At first, my father treated the matter as if it were all merely part of the domestic routine, and I even had the impression that he insisted on my mother behaving as if nothing had happened, and made an effort in her presence to maintain his usual habits, and whenever I phoned my mother, she would say he was just the same, still grumbling, still making that annoying chewing noise and listening to the same radio program every morning. It was as if she and I had convinced ourselves that my father was still the same person, as if each phone call were a kind of renewal of our license to believe that.
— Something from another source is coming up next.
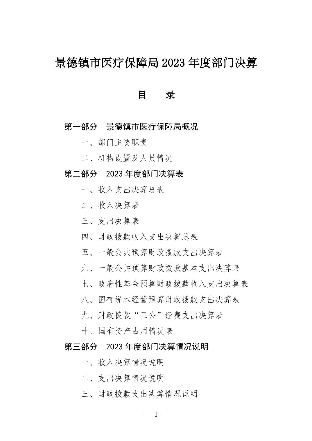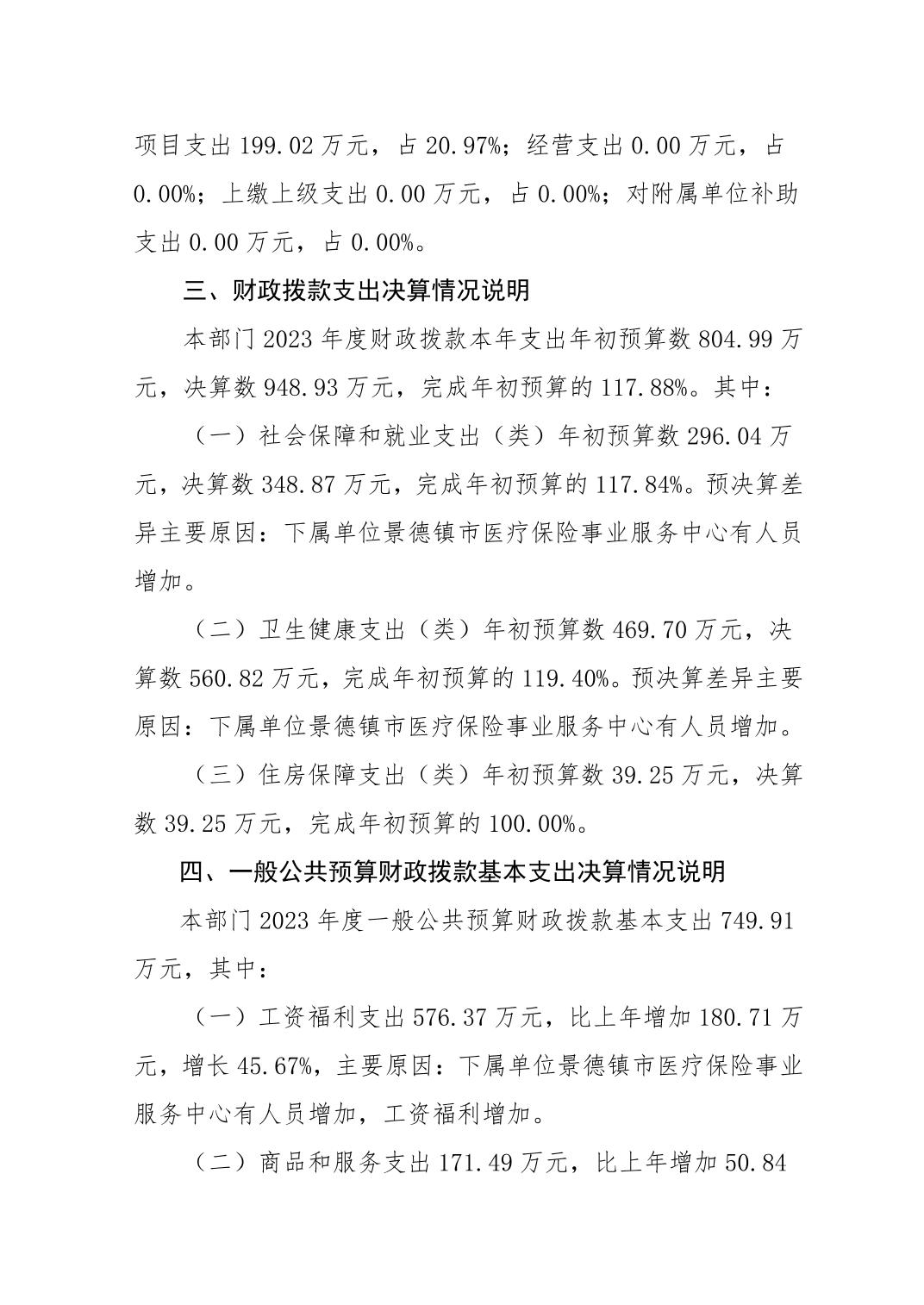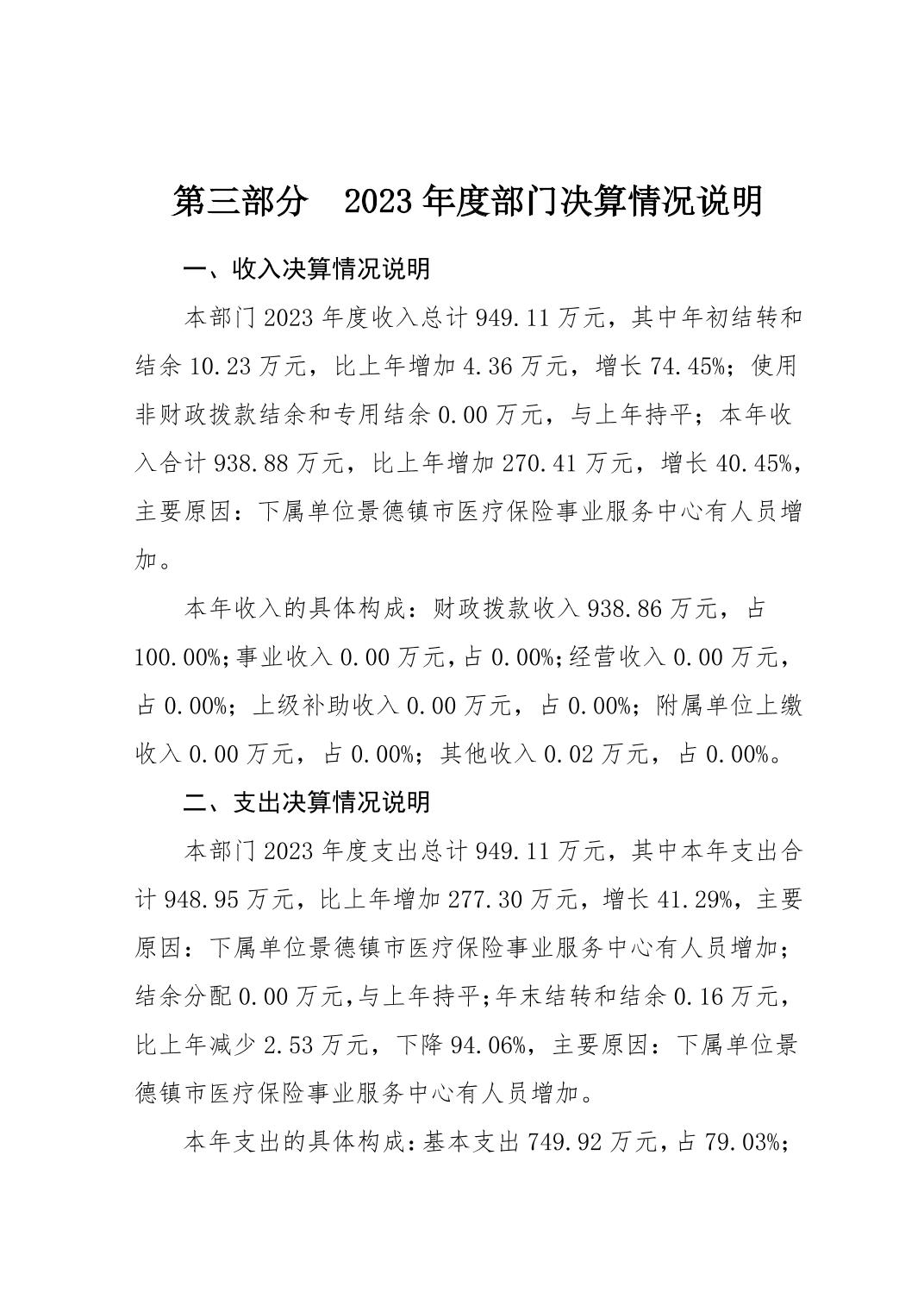 景德镇市医疗保障局2023年部门决算

It became commonplace for him to repeat a question he had asked two minutes before, to overpay the cleaner or the caretaker, to change mood in the middle of a conversation, but the winter’s afternoon when he would surprise my mother still seemed a long way off, an unfamiliar gesture, a word she had never heard him use in over forty years of marriage, a novelty that announced a still faster rate of change, my father losing a little of what we both thought of as unique to him, then one morning he wakes up and can’t remember the name of a city, and the next whether a particular animal flies or swims or crawls, and the day after, the color of his own car and how you use the accelerator and the brake, and suddenly he doesn’t know how many years he’s been married to my mother, and on that winter’s afternoon, while she’s drinking tea and listening distractedly to the wall clock striking five, she realizes that he has no idea who he is or what he’s doing there.